7. Pour les mêmes motifs que ceux énoncés aux points 3 et 5, M. A n'est pas fondé à soutenir que les stipulations de l'article 8 de la convention européenne de sauvegarde des droits de l'homme et de l'article 3-1 de la convention internationale des droits de l'enfant auraient été méconnues.

Sur les conclusions tendant à l'annulation de la décision fixant son pays de destination :

8. Il y a lieu d'écarter par adoption de motifs retenus par les premiers juges le moyen tiré de ce que la décision contestée est contraire aux stipulations de l'article 3 de la convention européenne de sauvegarde des droits de l'homme et des libertés fondamentales que le requérant réitère en appel sans apporter d'éléments de fait ou de droit nouveaux.

Sur les conclusions tendant à l'annulation de la décision portant interdiction de retour sur le territoire français pour une durée de deux ans :

9. Pour les mêmes motifs que ceux mentionnés aux points 3 et 5, le moyen tiré de ce que la décision contestée serait contraire aux stipulations de l'article 3-1 de la convention relative aux droits de l'enfant doit être écarté.

10. Il résulte de tout ce qui précède que M. A n'est pas fondé à soutenir que c'est à tort que, par le jugement attaqué, le tribunal administratif de Rennes a rejeté sa demande. Doivent être rejetées, par voie de conséquence, ses conclusions à fin d'injonction et ses conclusions tendant à l'application de l'article L. 761-1 du code de justice administrative et de l'article 37 de la loi du 10 juillet 1991.

DÉCIDE :

Article 1er : La requête de M. A est rejetée.

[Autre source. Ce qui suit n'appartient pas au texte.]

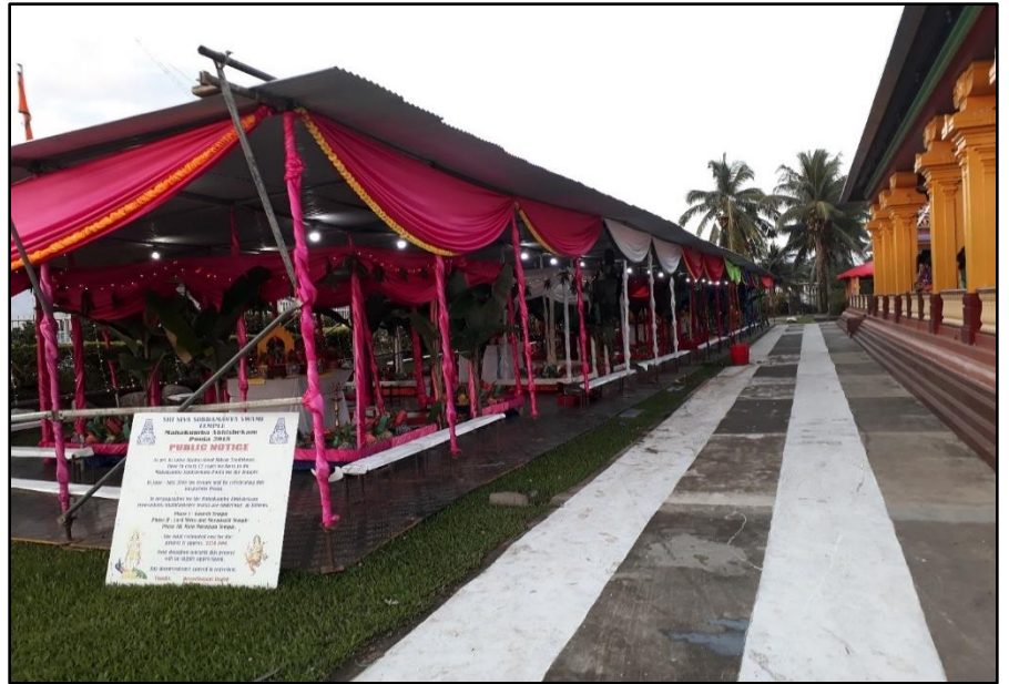
Special preparations for the Kumba Abhishekam homam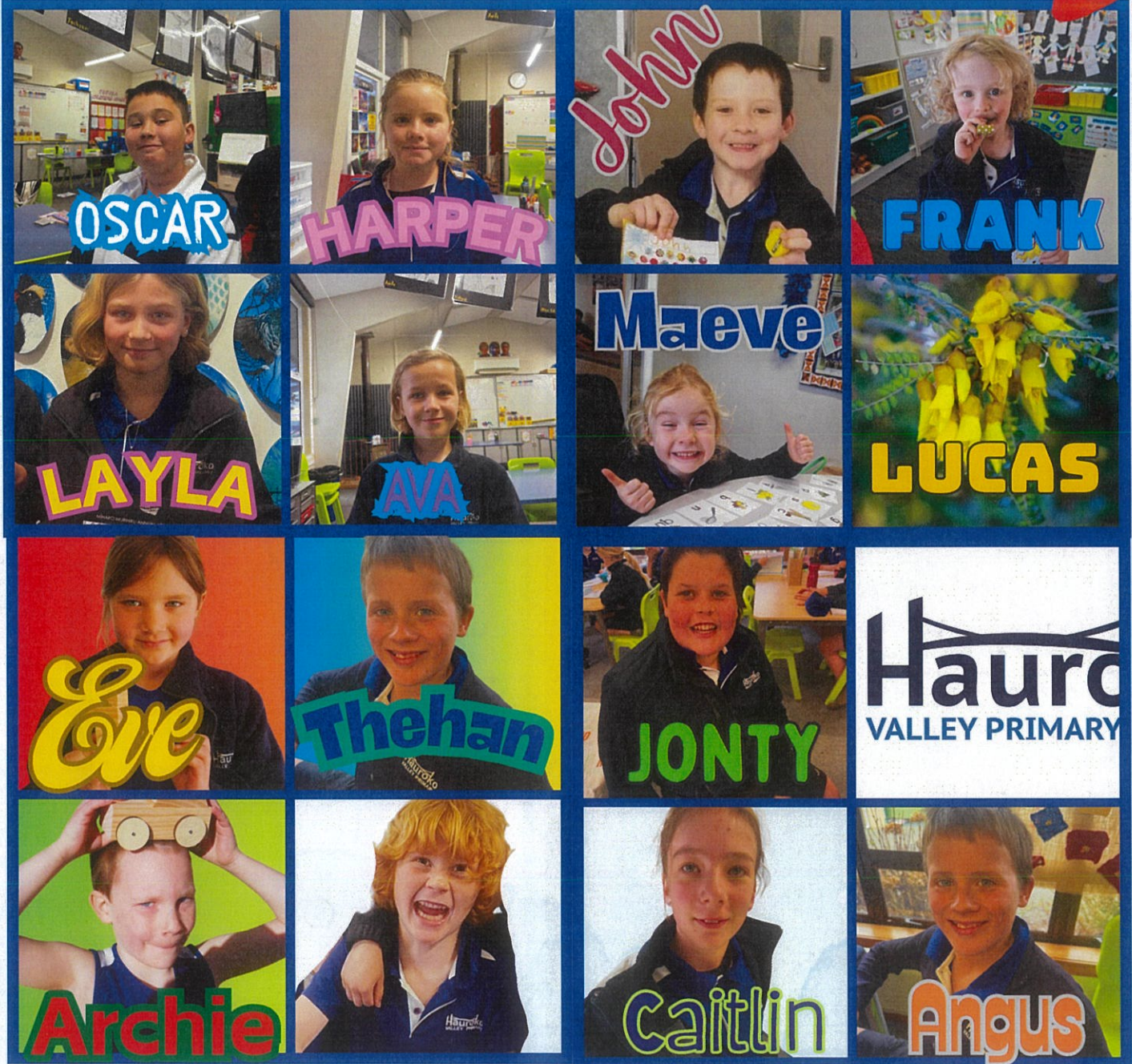
Principal Awards - named as below, not photographed as above.

Congratulations to the following learners for demonstrating a range of skills, knowledge and understanding of HVP School Values, NZ Key Competencies or Literacy, Numeracy, Inquiry, The Arts, Technology, or Health and Physical Education learning. Well done on your progress and achievements!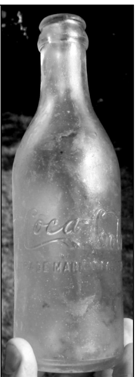
Figure 5 – Coca-Cola bottle

The 1922-1923 Obear-Nester catalog illustrated a Dixie Oval prescription bottle that it described as "a splendid bottle." However, the drawing did not show any markings on the base (such markings were illustrated on the only known Obear-Nester bottles to bear specific style names – Rex and AseptiC – so it is probably unrelated to those described above).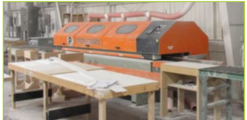
ROFILEMATIC 4-HEAD PROFILER. WITH ALLEN BRADLEY PANELVIEW-300 PROGRAMMABLE LOGIC CONTROL ; (2) 7.5-HP V- GROOVING HEADS ; 3-HP BRUSH HEAD ; 7.5-HP COVE HEAD ; 7.5-HP WORK HEAD (CURRENTLY EMPTY) ; (2) 3/4-HP VARIABLE SPEED CATERPILLAR CONVEYOR DRIVE MOTORS ; POWERMATIC MODEL-075 3-HP 2-BAG PORTABLE DUST COLLECTOR ; (2) 20" X 10' GRAVITY FEED ROLLER CONVEYORS.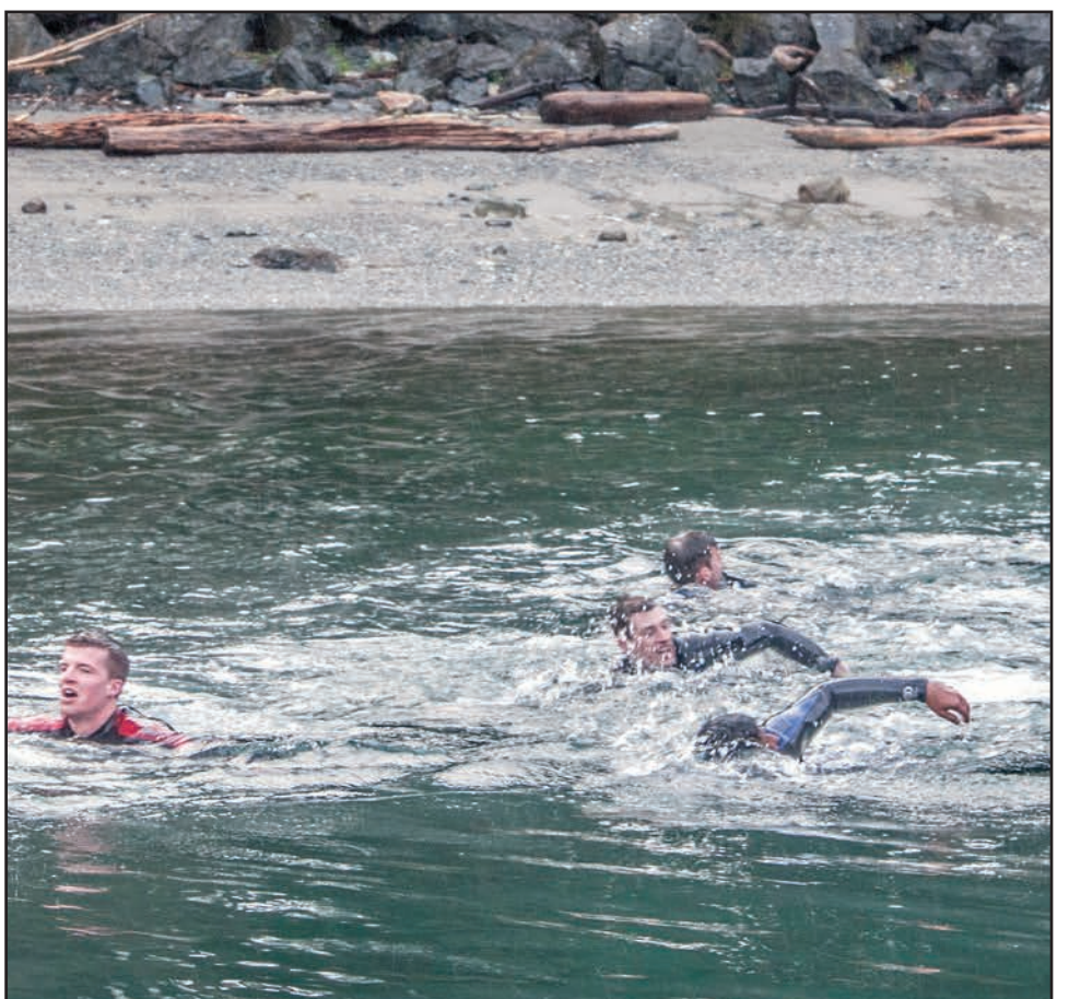
Artillery and infantry soldiers alike learned the ocean off of Vancouver Island was frigid once they jumped from a Sea King helicopter or dived from a moving Orca training vessel as part of Ex SPARTAN TRIDENT.

Article 2 : Le présent arrêt sera notifié à M. B A et au ministre d'Etat, ministre de l'intérieur.

Une copie sera transmise, pour information, au préfet d'Ille-et-Vilaine.

Délibéré après l'audience du 26 juin 2025 à laquelle siégeaient :

- Mme Brisson, présidente de chambre,

- M. Vergne, président-assesseur,

- Mme Gélard, première conseillère.

Rendu public par mise à disposition au greffe, le 4 juillet 2025.

La rapporteure,

V. GELARDLa présidente,

C. BRISSON

Le greffier,

R. MAGEAU

La République mande et ordonne au ministre d'Etat, ministre de l'intérieur en ce qui le concerne, et à tous commissaires de justice à ce requis en ce qui concerne les voies de droit commun contre les parties privées, de pourvoir à l'exécution de la présente décision.